A more sophisticated approach was developed by Sakamoto et al. (2019), who conducted a numerical modeling study in which simulated fish were released with random swimming behavior in an ocean current model from possible spawning grounds off of Japan. The simulation recorded environmental (SST and salinity) conditions experienced by each simulated fish and calculated agreement between otolith δ¹⁸O time series of actual harvested fish and those of simulated swimmers from the different spawning grounds that also reached the harvest point by the date of harvest. Although a significant step forward, Sakamoto et al. (2019) used independent data from a regional survey of egg abundance to constrain the migration origin to a few known starting points. In contrast, little data exist to constrain the origin of the MH370 flaperon's drift beyond the barnacle's own initial isotope value. The priority area of the Seventh Arc (Figure 1) has been used as a constraint in the search, but years of failure suggest other areas should be considered. Instead of constraining possible origins, our method instead drops simulated drifters at 50,000 independent starting locations all along the nearly 6,000 km SST band defined only by the MH370 barnacle's first isotope value. Both Sakamoto et al. (2019) and this study identify the highest probability pathway by finding the best fit between the simulated and actual δ¹⁸O time series.

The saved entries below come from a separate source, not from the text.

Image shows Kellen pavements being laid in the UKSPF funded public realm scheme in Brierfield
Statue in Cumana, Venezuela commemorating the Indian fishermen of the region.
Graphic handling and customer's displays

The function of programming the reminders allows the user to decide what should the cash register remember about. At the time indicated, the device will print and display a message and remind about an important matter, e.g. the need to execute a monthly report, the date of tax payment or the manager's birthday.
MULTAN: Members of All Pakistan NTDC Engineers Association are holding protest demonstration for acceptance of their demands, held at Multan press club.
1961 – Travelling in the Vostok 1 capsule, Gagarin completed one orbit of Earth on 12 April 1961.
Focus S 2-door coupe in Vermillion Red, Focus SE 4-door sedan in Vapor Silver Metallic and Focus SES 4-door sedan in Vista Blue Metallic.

Our new numerical modeling approach found a relatively small number of SST histories from among the 50,000 drifters that were strong matches for the observed barnacle SST record that recorded the actual drift of the MH370 flaperon. Only one of those drifters reached waters surrounding Réunion Island, where the actual MH370 flaperon was recovered, by the stranding date. Its recorded drift reveals that the MH370 flaperon likely spent its last several months west of longitude 70°E and within 1,500 km of Réunion Island. This result demonstrates that a best fit, high-resolution drift track and origin (i.e., a simultaneous solution to the where and when of each barnacle SST) can, in theory, be found with our combination of methods.

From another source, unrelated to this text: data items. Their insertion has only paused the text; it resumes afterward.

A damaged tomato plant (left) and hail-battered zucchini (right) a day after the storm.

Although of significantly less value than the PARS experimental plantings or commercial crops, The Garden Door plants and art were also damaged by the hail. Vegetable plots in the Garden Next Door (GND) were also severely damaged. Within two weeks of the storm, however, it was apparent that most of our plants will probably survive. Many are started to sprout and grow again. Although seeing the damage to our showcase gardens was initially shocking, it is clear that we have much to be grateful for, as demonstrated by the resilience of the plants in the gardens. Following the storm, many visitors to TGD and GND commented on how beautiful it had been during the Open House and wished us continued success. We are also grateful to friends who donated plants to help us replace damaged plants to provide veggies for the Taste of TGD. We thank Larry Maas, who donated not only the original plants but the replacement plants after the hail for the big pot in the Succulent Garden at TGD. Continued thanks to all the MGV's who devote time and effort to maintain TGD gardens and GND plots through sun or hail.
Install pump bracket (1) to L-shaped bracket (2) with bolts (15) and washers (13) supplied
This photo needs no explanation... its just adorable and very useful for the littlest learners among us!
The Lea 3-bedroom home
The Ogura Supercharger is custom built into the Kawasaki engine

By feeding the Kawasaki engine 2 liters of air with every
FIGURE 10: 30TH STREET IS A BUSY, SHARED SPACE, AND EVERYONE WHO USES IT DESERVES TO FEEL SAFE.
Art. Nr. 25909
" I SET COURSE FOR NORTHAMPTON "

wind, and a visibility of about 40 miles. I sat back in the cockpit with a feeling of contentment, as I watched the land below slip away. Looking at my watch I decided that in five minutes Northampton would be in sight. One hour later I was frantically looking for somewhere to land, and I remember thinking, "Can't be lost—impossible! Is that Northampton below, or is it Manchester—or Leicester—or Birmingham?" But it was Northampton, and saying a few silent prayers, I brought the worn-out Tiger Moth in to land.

3.4 Next Steps in the Application of Barnacle Isotopes in the Search for Flight MH370

Although our work is a significant step forward in demonstrating how barnacle isotopes can be used to reconstruct drift origins, future applications to the search for flight MH370 can be improved in several key areas. The first and most important of these is obtaining isotope records from MH370 barnacles large and old enough to have colonized the flaperon closer to the crash location. Our study used the published isotope record for MH370 flaperon specimen A2-G1, which was one of the largest and oldest barnacles studied by Blamart and Bassinot (2016) but still relatively small and only several months in age. Data from Poupin (2015), confirmed by media photographs of the recovery of the barnacle-covered flaperon, indicate that much larger and older barnacles were attached when the flaperon was recovered. Only partial drift reconstructions are possible until the largest, oldest barnacles are released for study by the French government.

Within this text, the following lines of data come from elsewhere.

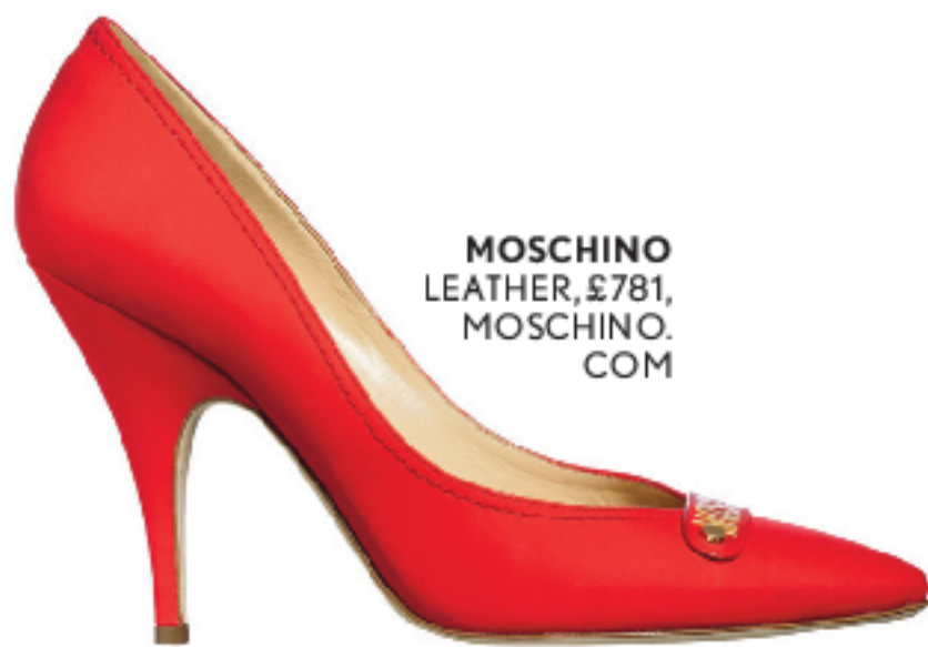
MOSCHINO LEATHER, £781, MOSCHINO. COM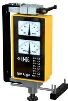
MEC-ANGIE Precision drilling instruments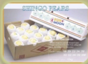
Shingo Pears Harvested Sep Available Jan – Apr & Sep - Dec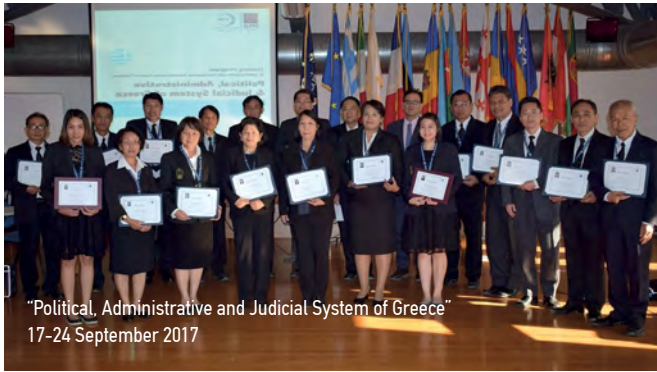
"Political, Administrative and Judicial System of Greece" 17-24 September 2017

The ATHR has been collaborating with RANEPА (Russian Presidential Academy of National Economy and Public Administration) since 2013 through a four-folded program taking place annually in Vienna ("Transparency & Anti-corruption", 6-10.11.2017), Sounion ("International Law & Diplomacy", 20-25.11.2017), Strasbourg ("Council of Europe - European Court of Human Rights", 20-25.03.2018) and Geneva ("The United Nations System", fall 2018). Lectures are conducted by international experts; study visits, workshops and simulations are included in the curricula.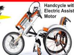
Handcycle with Electric Assist Motor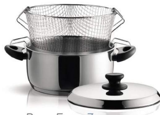
Deep Fryer Zeon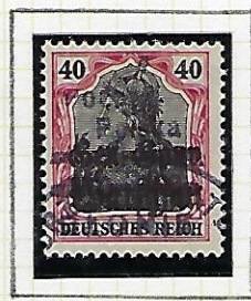
40 f black and carmine

Another critical area for future work is improving the age model used to assign dates to each individual barnacle isotope value, because these dates determine the drifter start date and locations but also calculations of best fit between simulated and observed SSTs. This is easily the step of the analysis most sensitive to error. Here, we inferred dates for each isotope sample and corresponding SST using the Lepas age-at-size growth model published by Poupin (2015). Error is introduced here if actual growth rates of individual MH370 barnacles varied from Poupin's (2015) average, smoothed growth curve, as pointed out by others (De Deckker, 2017). Confidence in the reconstructed origin could be gauged with a sensitivity analysis, which would involve rerunning the drift simulation with earlier and later start dates to see how it affects reconstruction of the drift origin. The ideal approach, however, is to determine each isotope sample's age-of-formation directly by sectioning the shell, identifying and counting daily growth increments in cross-section (e.g., Bourget, 1987), and assigning isotope sample dates based on these precise day counts. To our knowledge, studies describing the periodicity of shell microstructural layer formation in stalked barnacles have not been done. However, future studies applying our methodology must aim for this level of precision.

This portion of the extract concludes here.